- [TASK REQUIREMENTS]
Among the lines below, output only those between the line holding "企诺 四门更衣柜常规铁皮柜储物柜GYG-3 灰白色" and the line holding "20221228信用债到期收益率曲线关键期限点值变动情况", inclusive, exactly as written and with no pictures.

- [DATA TO EXAMINE]
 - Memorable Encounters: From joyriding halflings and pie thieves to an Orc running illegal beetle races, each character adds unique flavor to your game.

---

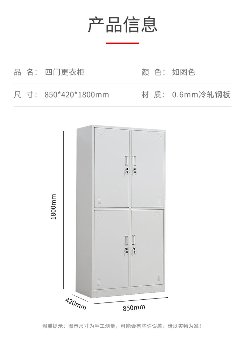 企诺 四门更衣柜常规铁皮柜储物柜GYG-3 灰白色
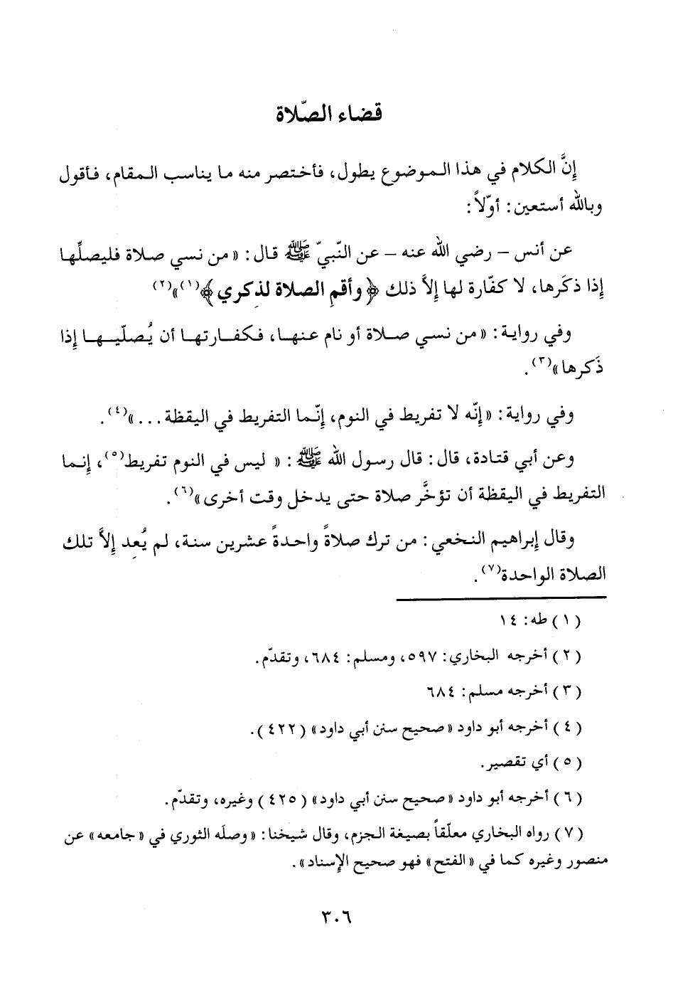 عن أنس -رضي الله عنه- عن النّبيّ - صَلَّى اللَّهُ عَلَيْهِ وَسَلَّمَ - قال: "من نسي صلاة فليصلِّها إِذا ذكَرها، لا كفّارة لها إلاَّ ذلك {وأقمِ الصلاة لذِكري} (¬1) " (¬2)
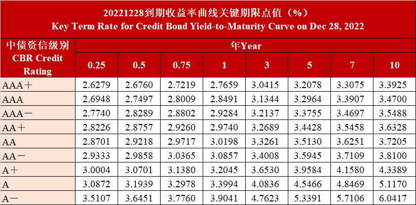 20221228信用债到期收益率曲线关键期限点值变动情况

--

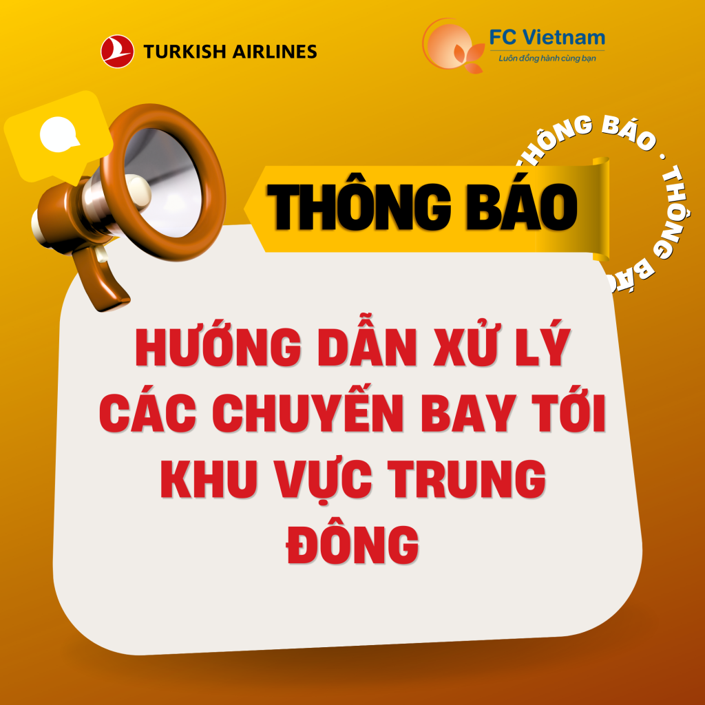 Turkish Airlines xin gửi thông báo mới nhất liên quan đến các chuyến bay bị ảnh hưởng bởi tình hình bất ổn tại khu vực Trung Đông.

- [RESPONSE AREA]
 企诺 四门更衣柜常规铁皮柜储物柜GYG-3 灰白色
 عن أنس -رضي الله عنه- عن النّبيّ - صَلَّى اللَّهُ عَلَيْهِ وَسَلَّمَ - قال: "من نسي صلاة فليصلِّها إِذا ذكَرها، لا كفّارة لها إلاَّ ذلك {وأقمِ الصلاة لذِكري} (¬1) " (¬2)
 20221228信用债到期收益率曲线关键期限点值变动情况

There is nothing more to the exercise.